柵治の処刑の傍らに立ち、細かな手伝いをこなして来た。
他の子どもなら一度見ただけで逃げ出す光景も、斬黒にとっては“家の仕事”にすぎなかった。
十ニ歳になると、柵治はついに息子へ刀を握らせた。
相手は、処刑を終えたばかりの“死体”。
その重さと温度に、少年の腕は震えた。
だが、一度振り下ろした刃は、驚くほど綺麗に肉を断ち切った。
「斬黒……お前は、山部の血を濃く継いでいるな」
父の声は、どこか誇らしげだった。
斬黒の腕は、日を追うごとに鋭さを増していった。
その眼は、誰よりも真っすぐに“斬る”という行為を見据えていた。
だが、運命は突然、牙をむいた。
斬黒が十四歳の春。
ある罪人が、首台の上で狂ったように暴れ出したのだ。
柵治は冷静に対処しようとした。
しかし次の瞬間、
罪人は拘束を破り、そのまま柵治の指数本を噛みちぎった。
「ぐ……っ!」
父の叫びは、少年の胸を裂いた。
その日を境に、柵治は刀を握れなくなった。
そして、山部家の仕事は、家督も含め、斬黒の肩へと託されることになる。
「斬黒……もう、お前しかおらん」
柵治が差し出したのは、
歴代の山部家の当主しか触れることを許されない、禍々しい刀。
妖刀《魔蛾霧丸》。
鞘の隙間から漏れる妖気に、斬黒の心臓は激しく脈動した。
だが、少年は逃げなかった。
この刃を握った者は、もう後戻りできない。
それを十四の身で理解しながらも、斬黒はゆっくりと妖刀へと手を添えた。
瞬間。
ゾワァァァァッ……!
骨の髄まで凍りつくような怨念の奔流が、刀身から一気に斬黒の腕へと駆け上がった。
“憎い……返せ……殺してやる……”
耳元で何十、何百もの声が囁く。
「な、なんじゃ……こりゃ〜〜〜〜ッ!!?」
斬黒は堪えきれず、悲鳴を上げて刀を床に叩き落とした。
息が荒い。胸が痛い。視界が滲む。
柵治は、その惨状を見ても表情ひとつ変えず、ただ静かに告げた。
「……わかったであろう。それが、我らの役割の重みじゃ。」
父の声は驚くほど穏やかであった。
「お前の太刀筋は、わしよりも遥かに優れておる。
だがな、まだ“人の命の重さ”を知っておらぬ。」
柵治は落ちた妖刀へ視線を落とし、低く続ける。
「首を切るとは、その者の命を断つという事。
その者が生きてきた年月、人との繋がり、信念、未来……
すべてを、この刃で断つのじゃ。
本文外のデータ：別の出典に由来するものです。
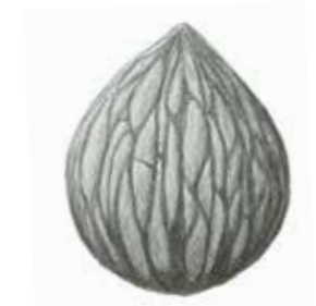
Südliche Walnuss ( Juglans australis ).
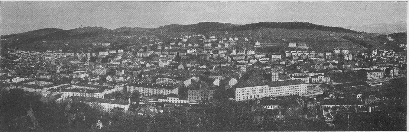
Abb. 1. Ansicht von St. Gallen mit dem Wettbewerbsgebiet vom gegenüberliegenden Hang des Rosenberges.

„Rudolf Gelpke“ und „Fendel 22“ die Rückreise nach Basel anzutreten und unterwegs die Augster Schleuse und die Kraftwerke Augst-Wyhlen, sowie in Basel die Hafenanlagen zu besichtigen. Ein einfaches Abendessen soll die gemeinsame Tagung beschliessen.
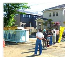
朝のあいさつ運動

これらの取組に共通するのは、「泉小学校やクラスをよりよくするのは自分達だ」という意識や行動力が身に付いてきていることです。将来、泉小学校の子ども達が、助け合い支え合うなど、よりよい地域や社会を築く主人公になることを願い、引き続き、子ども達が主人公の活動を充実させていきたいと思っています。
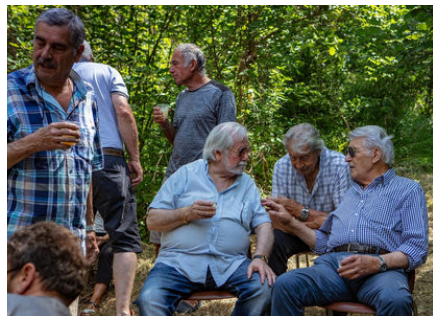
Retour à la source pour la Fête de la Saint-Jean
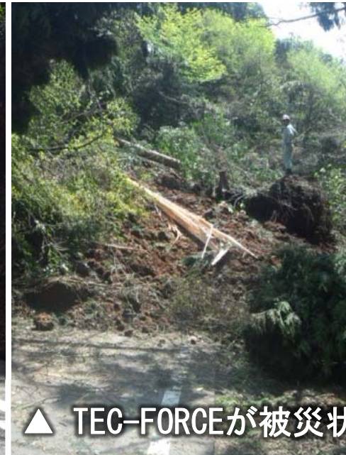
▲ TEC-FORCEが被災状況を調査後、土砂撤去
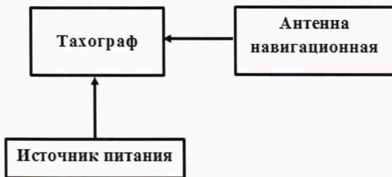
Рисунок 1 – Схема проведения измерений при опробовании

8.2.2.2 Включить тахограф, визуально убедиться в отсутствии ошибок по результатам прохождения внутренних тестов и в индикации текущего времени и даты на дисплее тахографа.
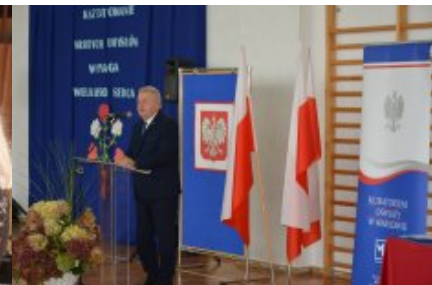
Obchody Dnia Edukacji Narodowej na Mazowszu
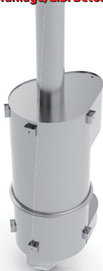
Dieselpartikelfilter - ON-ROAD / Ausführung für MERCEDES- Sonderfahrzeug mit hinterm Fahrer- haus stehender Auspuffanlage, z.B. Betonmischer
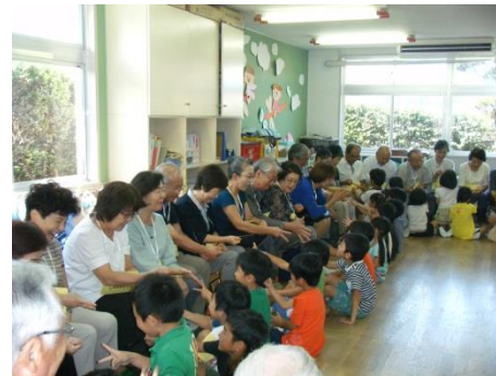
触れ合い遊び “お寺のおしょさん” “しゅうまいジャンケン”など来て下さった方々と遊びました
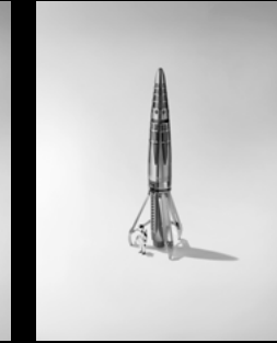
ASTROGRAPH RUTHENIUM ASTRONAUT
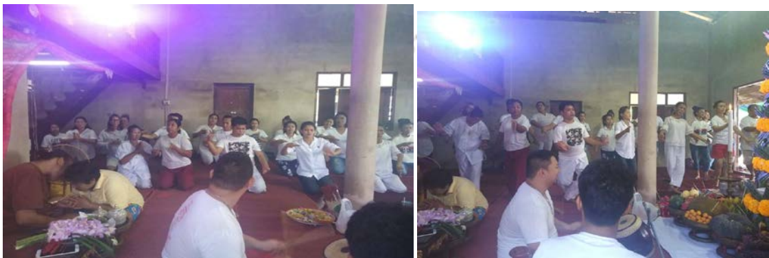
ภาพที่ 4.19 บรรดาศิษย์ละครแห่งตุ๊กรำถวายมือบูชาครู และสิ่งศักดิ์สิทธิ์

จากนั้นลูกศิษย์ทุกคนได้มาร่วมงานไหว้ครูรำแม่บท 12 ท่า ถวายครูบาอาจารย์ ดังภาพที่ 4.19
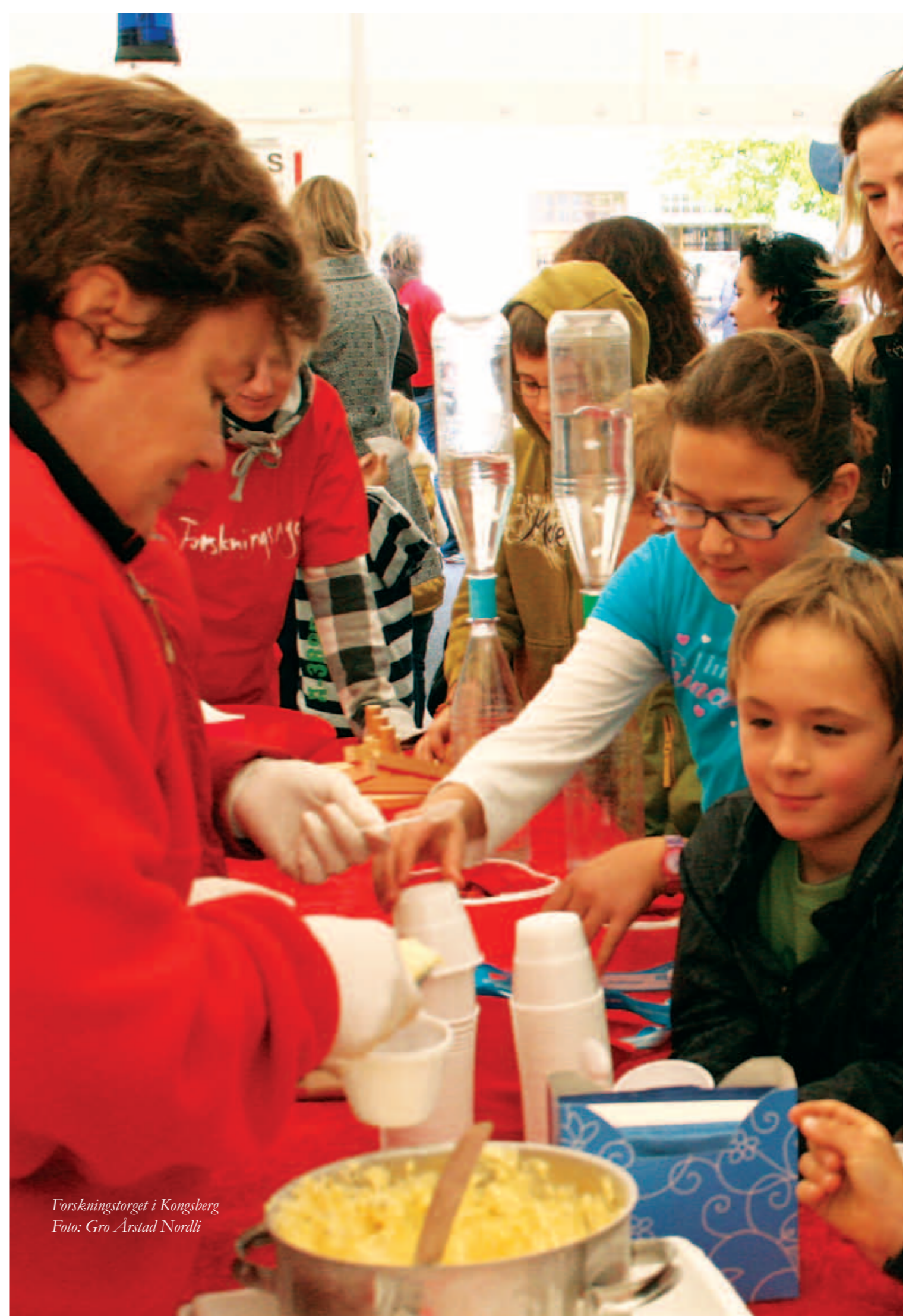
Forskningstorget i Kongsberg
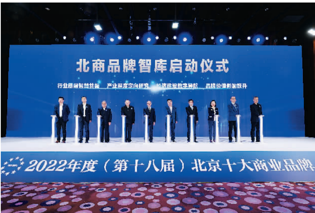
“深蓝·北商智库”正式亮相。
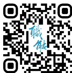
臺北市職能發展學院 官網
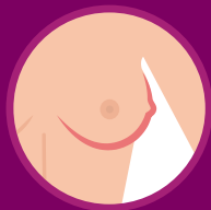
NÓDULO GERALMENTE INDOLOR
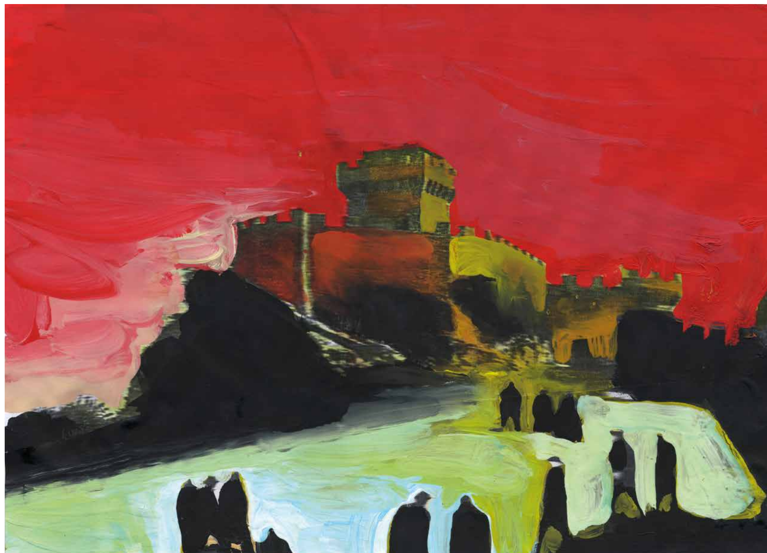
Gianluigi Toccafondo, San Marino , 2015, acrilici su carta
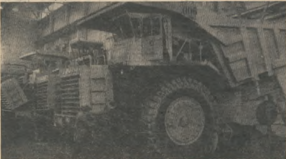
Третий корпус — база отделения БелАЗ-549
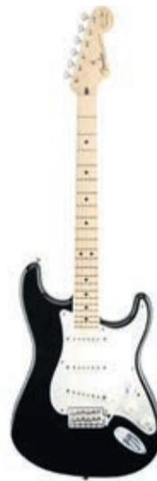
Fender à Eric Clapton, Blackie
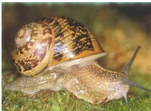
Slika 2. Cornu aspersum aspersum

Na europskom području najviše se uzgajaju vrste roda Cornu i Helix kao što su Cornu aspersum , Helix pomatia i Helix lucorum . Cornu aspersum (slika 2) je puž plućnjak rasprostranjen na području zapadne Europe i Mediterana na čije je klimatske uvjete i najbolje prilagođen, a ima ga i u južnoj Americi i Africi. Javlja se s par različitih podvrsta: Cornu aspersum elata koji živi u Africi, Cornu aspersum maxima koji označava divovsku podvrstu, Cornu aspersum major i Cornu aspersum aspersum koji živi u cijeloj Europi i najprodavanija je vrsta na tržištu. Cornu aspersum je najisplativiji puž za uzgoj jer je prilagodljiv i polaže mnogo jaja, 80 - 85 komada po gnijezdu, 3 - 4 puta godišnje. Jedina je vrsta roda Cornu koju je moguće uzgajati u zatvorenim uzgajalištima. U prirodi inače preferira vlažna staništa u grmlju, na stablima i na zidovima. Unutar vrste postoji velika varijabilnost s obzirom na boju i veličinu kućice. Tako se kućice prema boji dijele na tipične, svijetle, prugaste, pojasne, jednoboje, tamne i albino. Tipična kućica je tamne boje s četiri točkaste pruge. Prema veličini kućice se jedinke dijele na male, normalne, veće i velike (Avagnina i Rađa 2000).
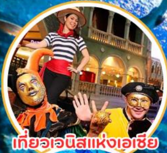
เกี้ยวเวนิสแห่งเอเชีย
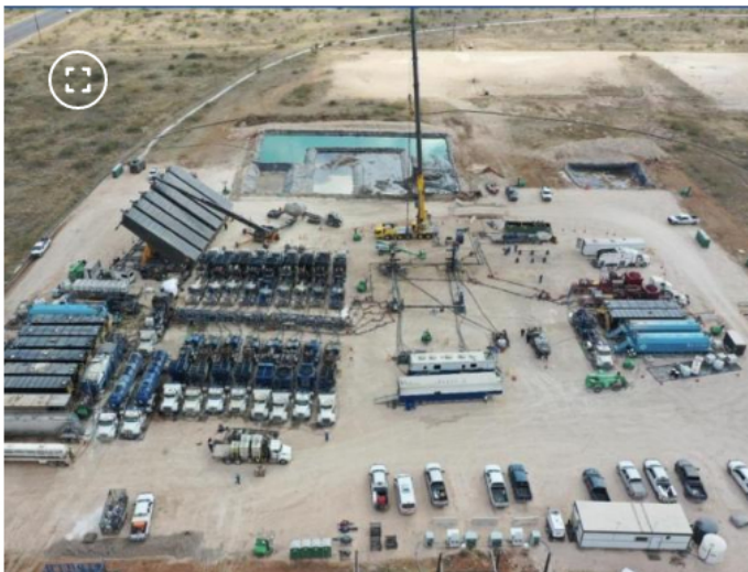
Operaciones de fracking de Ecopetrol en Estados Unidos.

¿Por qué la gasolina sigue subiendo en Colombia si hace 2 años superó el precio internacional? Cada mes los conductores pagan $620.000 millones de más
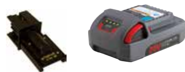
Art.Nr. LAE 3/071 Ingersoll Rand | 20V Li-Ion
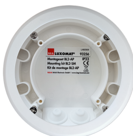
Set di montaggio BL2-AP Numero: 93256

Dimensioni: 40 x 55 x 103 mm Colore di materiale: nero Frequenza: 2.4 GHz Banda ISM, GFSK 0.2 dBm + 5.3 dBi = 5.5 dBm
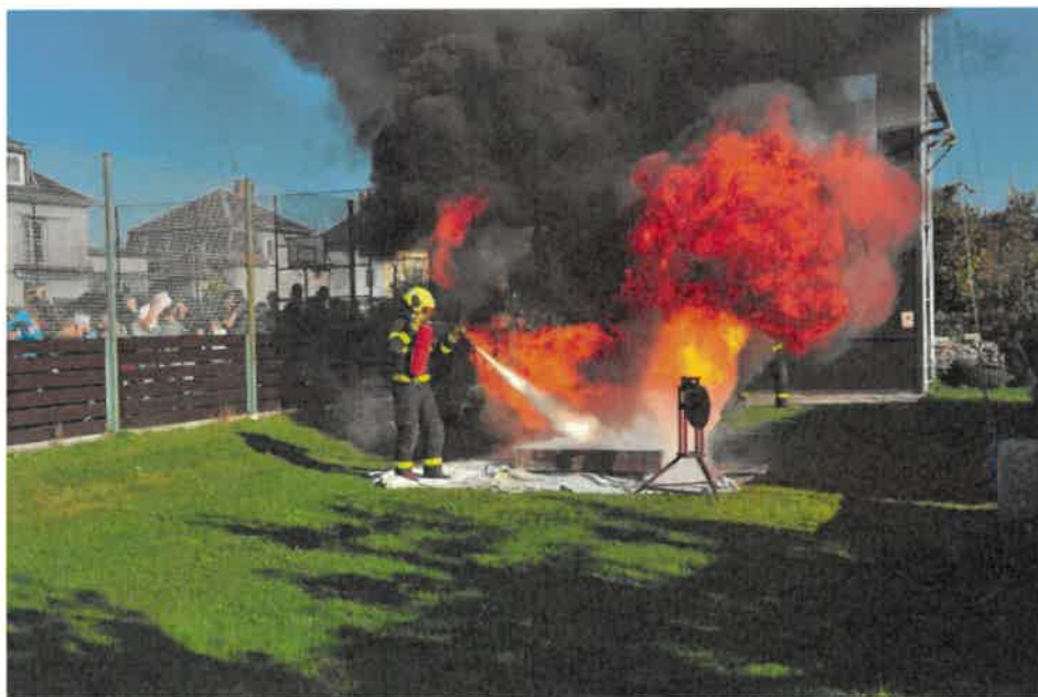
Ukázka z akce Den požární bezpečnosti

Příslušníci HZS MSK se aktivně účastnili akcí pro veřejnost, na kterých návštěvníkům přibližují zásady správného chování při mimořádných událostech a základy požární ochrany. Jednalo se například o akce: Den se složkami IZS Hlučín, Opavský dětský den, Ochrana člověka za mimořádných událostí, Festival povolání Opava a další.
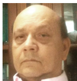
Luis Humberto Tovar Trujillo

Hace ya algunos días, cuando comenzamos a conocer las bestialidades del gobierno, entre otras muchas, pero la más importante es el deterioro de las instituciones, comenzando por la Fuerza Pública, la aniquilación en su dignidad y honor, y me sorprendió en su oportunidad unas declaraciones "rabiosas" pero, además, con alto contenido de valor, compromiso, y verdad histórica del General Zapateiro, cuando le dijo al presidente: "Primero fue el ejército y luego la república".

」
その言葉に、斬黒は息をするのも忘れた。
胸に圧し掛かるものが、今までとまるで違う。
柵治は、刀を鞘に納めながら語る。
「この妖刀に宿る邪気は、これまで斬られてきた者たちの無念の塊。
憎しみも、悲しみも、絶望も……すべて呪詛となり、
いつしかひとつの“魂の塊”となった。」
「そして、その呪詛は……新しき血を求め始めた。」
斬黒は震える指を握りしめた。
未だ胸の奥に残る怨念の残滓が、心臓を掴んだまま離さない。
「……おと……う……」
やっとの思いで声を出すと、柵治は静かに首を振った。
「これからは、お前がこの妖刀を握る。
強きこころを保て。さもなくば、」
父は息子の瞳をまっすぐに射抜く。
「いずれお前の心も、その妖刀に取り込まれ、喰われる事になる。」
「その事を……肝に銘じよ、斬黒。」
ーーーー
翌朝、斬黒が目を覚ますと、父の姿が見当たらない!
父を探して、居間の襖を開けた斬黒は、愕然とした!
妖刀〈魔蛾霧丸〉で腹を十文字に掻っ捌き自害した、柵治の屍がそこにあった!
その胸元には、一通の遺書が置かれていた。
斬黒は息を呑み、震える手で文を開いた。
――斬黒へ。
「わしが斬首役を退いて一月。
妖刀の呪いか……乾きが、わしの心をじわじわと侵食し始めておった。」
父の筆跡はいつものように力強いが、どこか震えが混じっていた。
「このままでは、いつか自我が保てなくなり、あの刀を求め、無差別に人を殺めてしまうやもしれぬ。」
斬黒の喉がひゅっと締めつけられた。
「よって、わしは本日、自らこの妖刀で命を絶ち、
刀の魂の一部となる道を選ぶ事とする。」
そこまで読んだ瞬間、斬黒の手が止まった。
父は逃げなかった。
呪われても、狂いかけても、家の名を、役目を、息子を守るために、
自ら刀に喰われる道を選んだのだ。
「斬黒よ、己の精神を強く保ち、生きろ!父は、この刀と共にお前を見ておるぞ」
斬黒は泣かなかった。心のどこかで、いずれこのような日が来るとわかっていたからだ。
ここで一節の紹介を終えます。